= Oliver Killeen =

Fraudster and bigamist (born 1937)

Oliver Killeen (born 13 June 1937 in Castlebar, Ireland) is an Irish and Canadian fraudster and serial bigamist who was married at least 14 times.

He emigrated from Ireland to Canada with his first wife, Mary, with whom he had eight children. She died in Canada in 1974, aged 38. Later that same year, he was briefly married to Agnes Cloney. That marriage was never legally dissolved. He pretended to be a doctor of psychology in Waterford, Ireland for five years in the late 1990s, claiming to be a highly trained psychotherapist with university credentials from the United States and Canada. He became a well-known media personality in Ireland with radio, television and newspaper coverage, including authoring a syndicated column in 35 publications. He is believed to have been married between 13 and 19 times after becoming a widower in 1974. It is unclear if divorce was sought or received in any of those marriages. Killeen was convicted of bigamy in the UK in 2004, serving one and a half years of a three-year sentence. He became the subject of a 2006 TV film, The Conman With 14 Wives. Between 1971 and 1977 alone, Killeen had also accumulated 54 convictions for false pretenses, often involving bounced checks.

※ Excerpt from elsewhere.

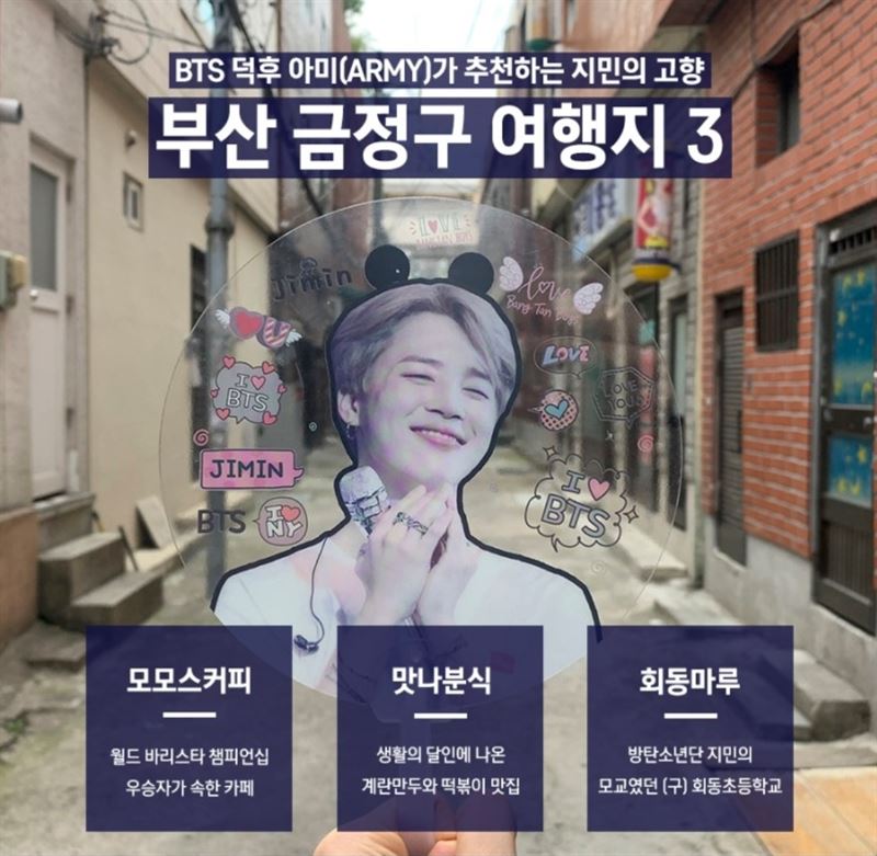 앞서 부산관광공사는 '부산 가볼 만한 곳, BTS 덕후 아미(ARMY: 팬덤명)가 추천하는 지민의 고향 부산 금정구 여행지 3'을 제목으로 지민과 관련한 명소를 소개해 팬덤뿐 아니라 국내외 관광객들로부터 큰 호응을 얻은 바 있다.

Barbara Daniels, one of Killeen's later wives, a Canadian citizen, filed a bigamy charge against him in Superior Court in Ontario and claimed he had been physically abusive which he acknowledged. They married in 1978 and she left him in 1985 but learned she could not divorce him as he was still married to his previous wife. Daniels' daughter, Julia Lafleur, was active on social media and, after learning he had returned to Toronto, gathered evidence to convince the Canadian authorities to prosecute him. On 1 March 2012, Killeen pleaded guilty to the charge, and was sentenced to 90-days in jail (to be served on weekends). The prosecutor said the defendant's age, his guilty plea, and the fact he is working were mitigating factors to be considered in sentencing.

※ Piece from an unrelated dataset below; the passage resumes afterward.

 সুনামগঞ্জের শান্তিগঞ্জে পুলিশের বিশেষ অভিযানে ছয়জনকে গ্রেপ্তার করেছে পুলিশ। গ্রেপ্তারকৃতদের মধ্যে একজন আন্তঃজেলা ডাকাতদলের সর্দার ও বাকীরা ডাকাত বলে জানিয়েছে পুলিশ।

In 2006, Agnieszka Piotrowska directed a documentary about Killeen for Channel Five titled Conman With 14 Wives (also broadcast as Trust Me I am a Conman in some areas) which led to a discovery of Killeen's subsequent bigamous marriage. A Canadian documentary series was made titled The Devil You Know, created by Vancouver-based production company Make Believe Media. One of the episodes tells of Daniels' story of her marriage to Killeen and her daughter's legal battle to bring him to justice in Canada. It aired in Canada on Viva and elsewhere on the Oprah Winfrey Network.